◆ TASK TO COMPLETE
Set down each line of the material that follows exactly, and leave its pictures out.

◆ DATA SEGMENT

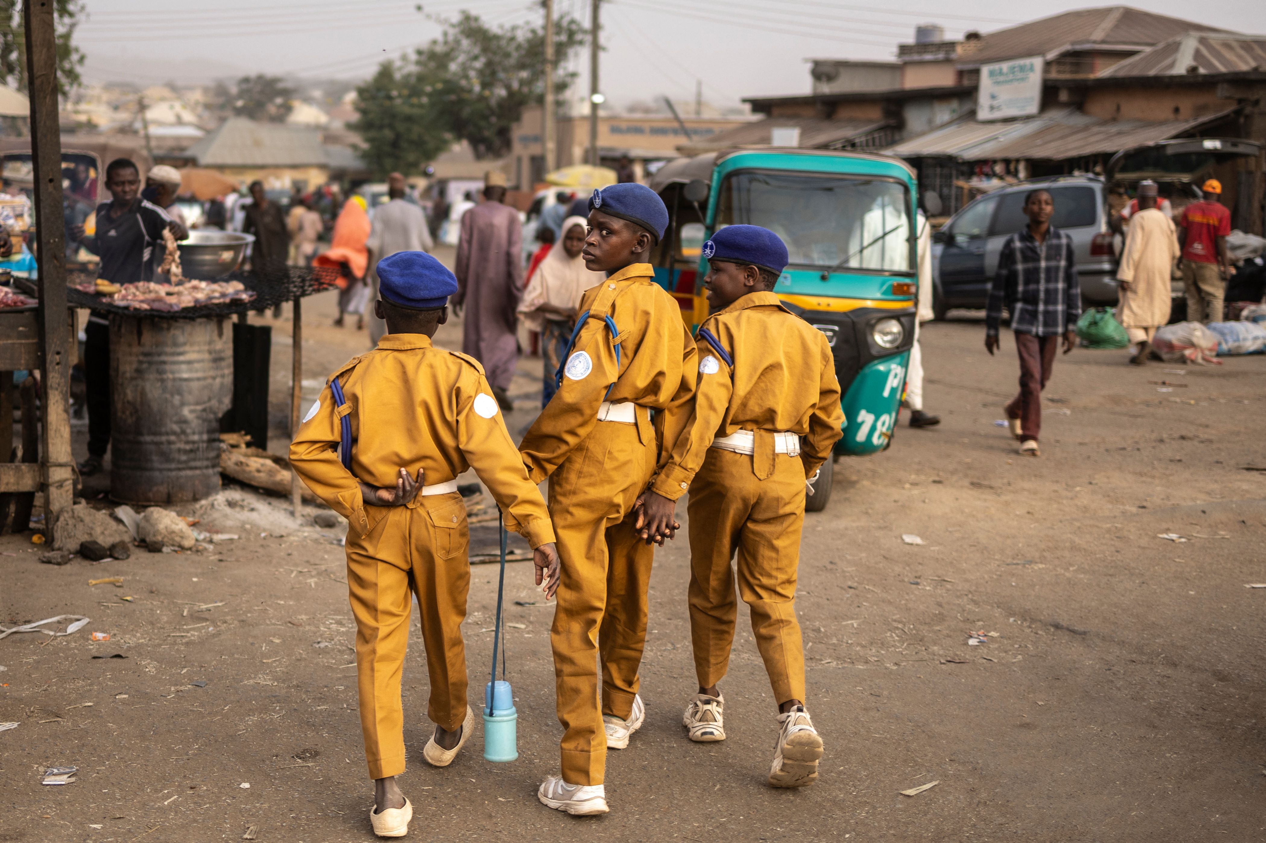 A boy looks back as he walks with other boys while wearing school uniforms in Jos, Nigeria, on February 27, 2025. (Photo by Olympia de Maismont/AFP Photo)
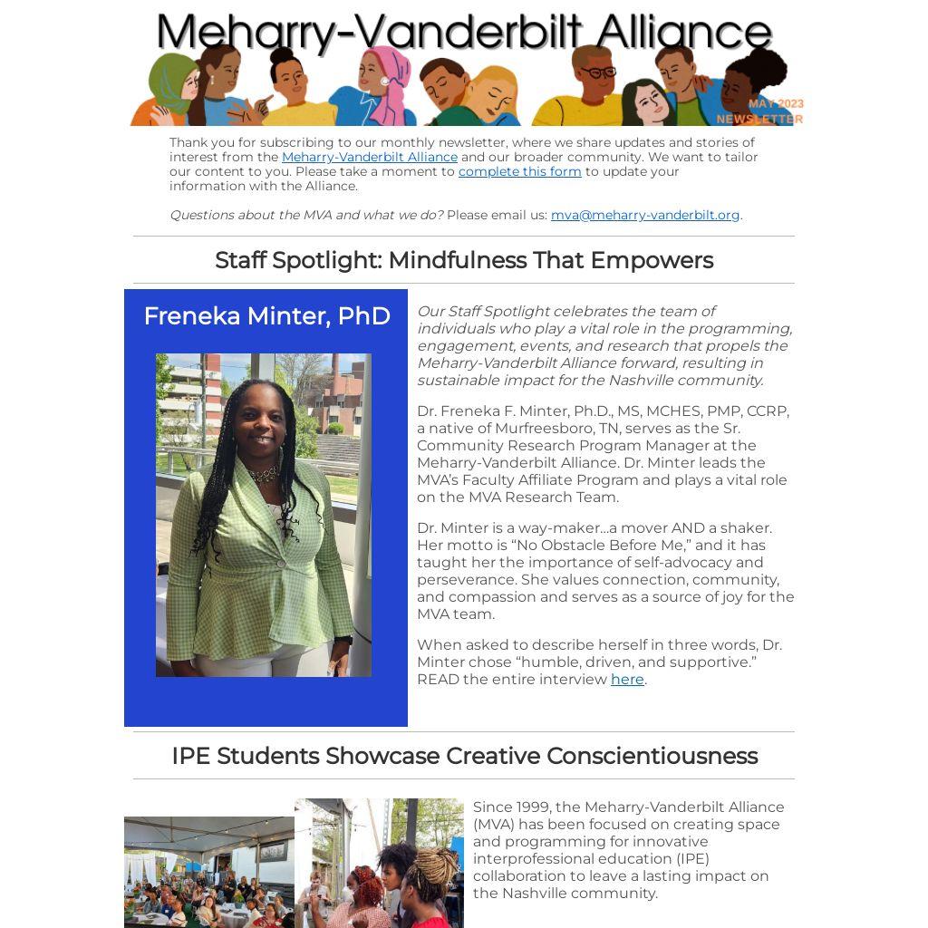 Our Staff Spotlight celebrates the team of individuals who play a vital role in the programming, engagement, events, and research that propels the Meharry-Vanderbilt Alliance forward, resulting in sustainable impact for the Nashville community.
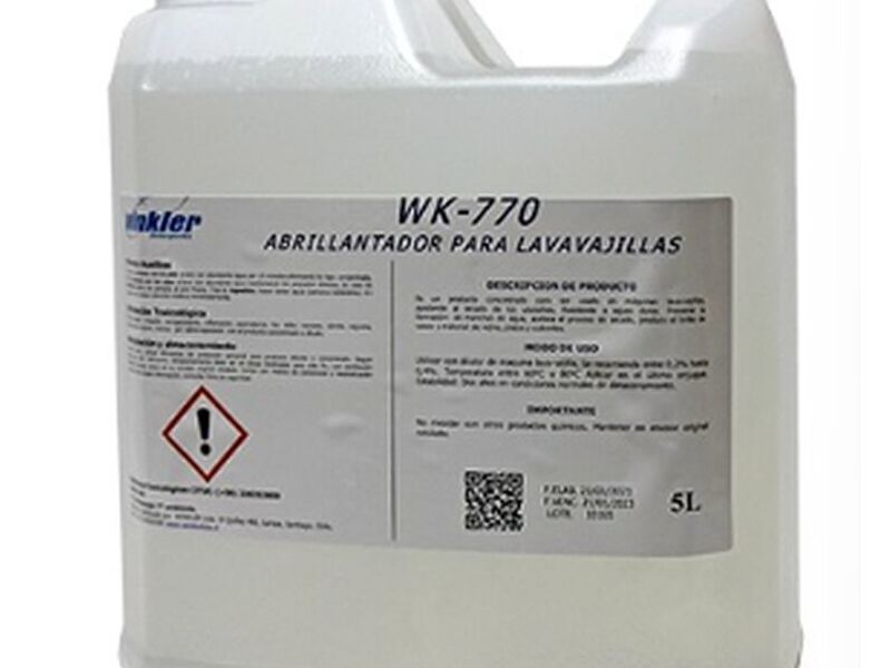 WK-770 es un producto concentrado para ser usado en máquinas lava-vajillas y platos, ayudando al secado de los utensilios. Resistente a aguas duras. Previene la formación de manchas de agua, acelera el proceso de secado, produce el brillo de vasos y material de vidrio, platos y cubiertos.
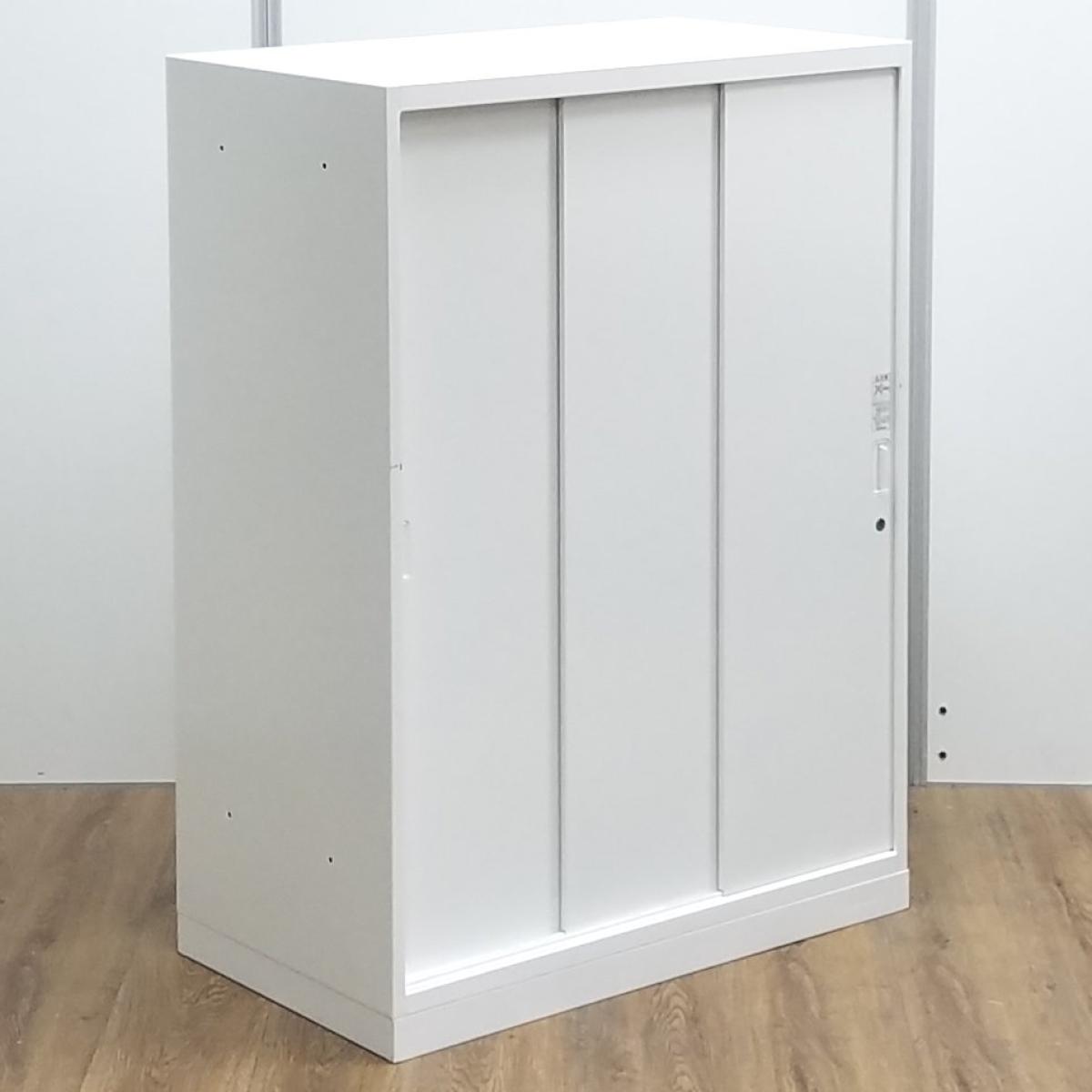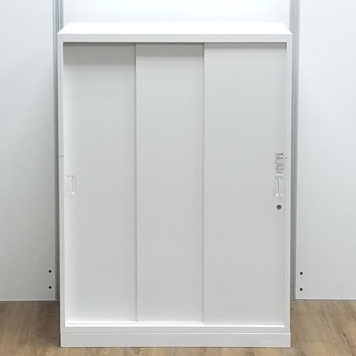 【スライド引き戸だから開閉スペースに困りません!】【人気のホワイト書庫!】■オカムラ(okamura)製 レクトラインシリーズ 3枚戸タイプ 引き違い書庫 ■色:ホワイト ■シリンダー鍵

◆ SOLUTION TO THE EXERCISE
 A boy looks back as he walks with other boys while wearing school uniforms in Jos, Nigeria, on February 27, 2025. (Photo by Olympia de Maismont/AFP Photo)
 Our Staff Spotlight celebrates the team of individuals who play a vital role in the programming, engagement, events, and research that propels the Meharry-Vanderbilt Alliance forward, resulting in sustainable impact for the Nashville community.
 WK-770 es un producto concentrado para ser usado en máquinas lava-vajillas y platos, ayudando al secado de los utensilios. Resistente a aguas duras. Previene la formación de manchas de agua, acelera el proceso de secado, produce el brillo de vasos y material de vidrio, platos y cubiertos.
 【スライド引き戸だから開閉スペースに困りません!】【人気のホワイト書庫!】■オカムラ(okamura)製 レクトラインシリーズ 3枚戸タイプ 引き違い書庫 ■色:ホワイト ■シリンダー鍵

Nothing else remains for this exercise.